[Task to complete]: Output the data verbatim, minus the images.

[Records for processing]:
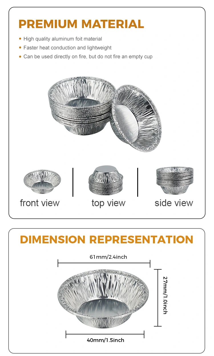 Pladenj za jajčne pite Yunchu iz aluminijaste folije za enkratno uporabo Srebrna posoda iz aluminijaste folije je izdelana iz odebeljene aluminijaste folije za hrano in je prestala več varnostnih testov. Je brez vonja in škodljivih ostankov, zaradi česar je neposreden stik s hrano varnejši. Edinstvena odebeljena oblika daje izdelku odlično oporo in odlično odpornost na visoke temperature. Ne glede na to, ali je pečen pri visokih temperaturah v pečici ali natančno segret v zračnem cvrtniku, se ne deformira zlahka ali pušča, kar zagotavlja, da so jajčne torte popolnoma strjene in so robovi hrustljavi ter se ne sesedejo. Hkrati material iz aluminijaste folije enakomerno prevaja toploto, kar omogoča enakomernejše segrevanje jajčnih torte, izogibanje zažganosti zunaj in surovosti znotraj ter enostavno peko profesionalne jajčne torte, ki so zlate na zunaj in mehke na znotraj.
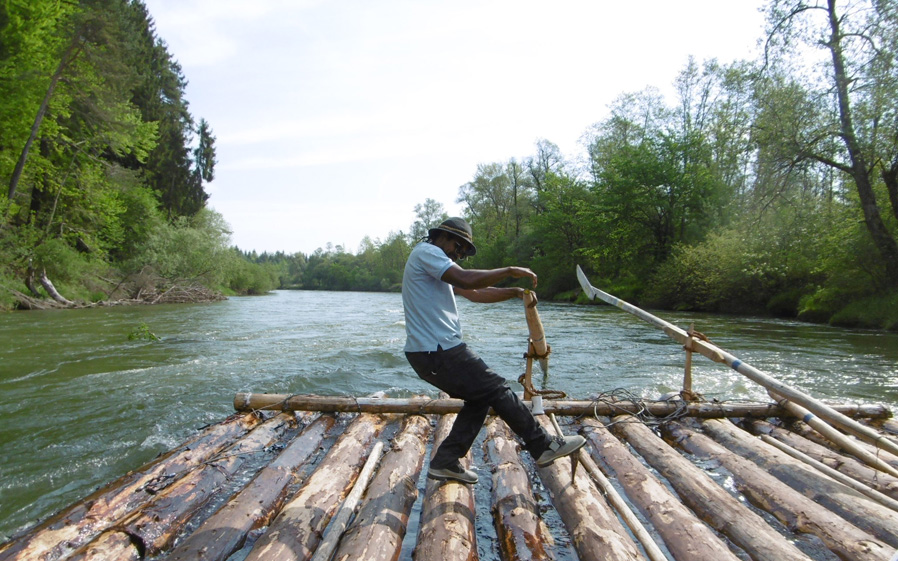 Natürlich stand auch in diesem Jahr wieder eine Floßfahrt auf dem Programm. Früh morgens wurden zwei 18 m lange Flöße von erfahrenen Floßmeistern aus Wolfratshausen zusammengebaut. Dann konnte die 26 km lange Fahrt beginnen, zunächst in der eher zahmen Loisach, die aber in die wilde Isar mündet. Den Steuerleuten wurde einiges an Kraft und Geschicklichkeit abverlangt, um das Floß sicher an den Sandbänken vorbei zu führen. Die Schiltacher ließen es sich nicht nehmen, auch einmal das Steuer zu führen um ein Gefühl für die Fahrt auf einem Gebirgsfluss zu bekommen.
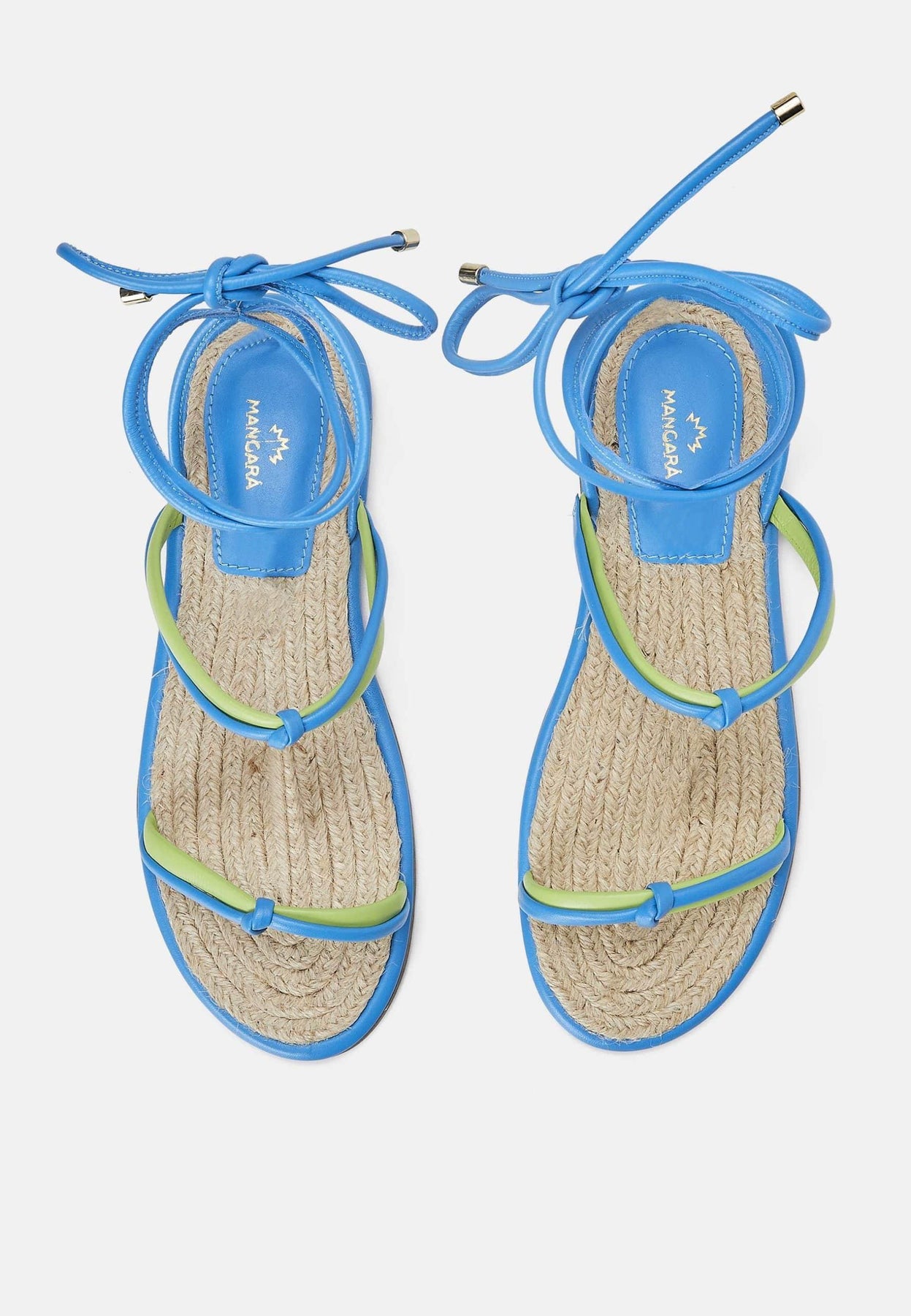 Mangará Atelier Blue Leather Lace-Up Sandals – Handcrafted With Natural Raffia Insole
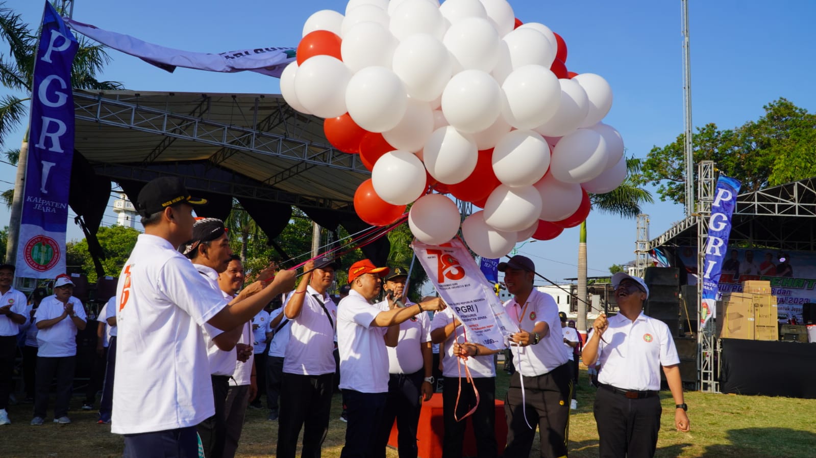JEPARA | GISTARA.COM Pj. Bupati Jepara Edy Supriyanta, memimpin apel dan Jalan Sehat dalam rangka peringatan Hari Ulang Tahun (HUT) Persatuan Guru Republik Indonesia (PGRI) yang ke-78, dan Hari Guru Nasional (HGN) Tahun 2023 di Alun-alun Kabupaten Jepara, Sabtu (14/10/2023).
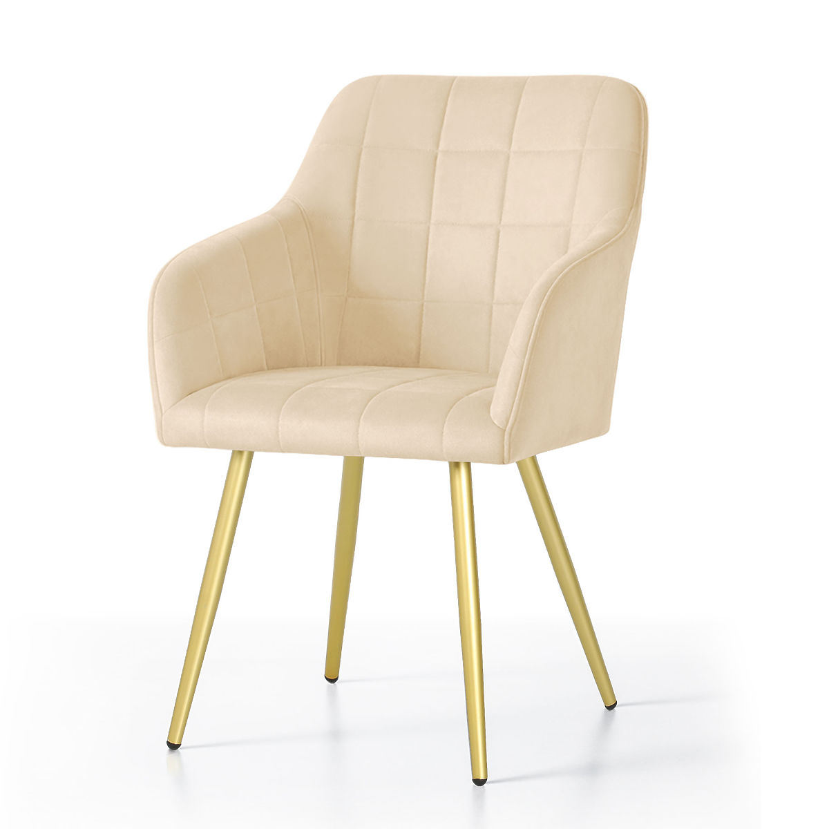 Lukahome.hr » Blagovaonica i kuhinja / Objed stolica / 6x Tapecirana stolica s kvadratnim prošivom Bež LUXANO Zlatne noge

[Answer below]:
 Pladenj za jajčne pite Yunchu iz aluminijaste folije za enkratno uporabo Srebrna posoda iz aluminijaste folije je izdelana iz odebeljene aluminijaste folije za hrano in je prestala več varnostnih testov. Je brez vonja in škodljivih ostankov, zaradi česar je neposreden stik s hrano varnejši. Edinstvena odebeljena oblika daje izdelku odlično oporo in odlično odpornost na visoke temperature. Ne glede na to, ali je pečen pri visokih temperaturah v pečici ali natančno segret v zračnem cvrtniku, se ne deformira zlahka ali pušča, kar zagotavlja, da so jajčne torte popolnoma strjene in so robovi hrustljavi ter se ne sesedejo. Hkrati material iz aluminijaste folije enakomerno prevaja toploto, kar omogoča enakomernejše segrevanje jajčnih torte, izogibanje zažganosti zunaj in surovosti znotraj ter enostavno peko profesionalne jajčne torte, ki so zlate na zunaj in mehke na znotraj.
 Natürlich stand auch in diesem Jahr wieder eine Floßfahrt auf dem Programm. Früh morgens wurden zwei 18 m lange Flöße von erfahrenen Floßmeistern aus Wolfratshausen zusammengebaut. Dann konnte die 26 km lange Fahrt beginnen, zunächst in der eher zahmen Loisach, die aber in die wilde Isar mündet. Den Steuerleuten wurde einiges an Kraft und Geschicklichkeit abverlangt, um das Floß sicher an den Sandbänken vorbei zu führen. Die Schiltacher ließen es sich nicht nehmen, auch einmal das Steuer zu führen um ein Gefühl für die Fahrt auf einem Gebirgsfluss zu bekommen.
 Mangará Atelier Blue Leather Lace-Up Sandals – Handcrafted With Natural Raffia Insole
JEPARA | GISTARA.COM Pj. Bupati Jepara Edy Supriyanta, memimpin apel dan Jalan Sehat dalam rangka peringatan Hari Ulang Tahun (HUT) Persatuan Guru Republik Indonesia (PGRI) yang ke-78, dan Hari Guru Nasional (HGN) Tahun 2023 di Alun-alun Kabupaten Jepara, Sabtu (14/10/2023).
 Lukahome.hr » Blagovaonica i kuhinja / Objed stolica / 6x Tapecirana stolica s kvadratnim prošivom Bež LUXANO Zlatne noge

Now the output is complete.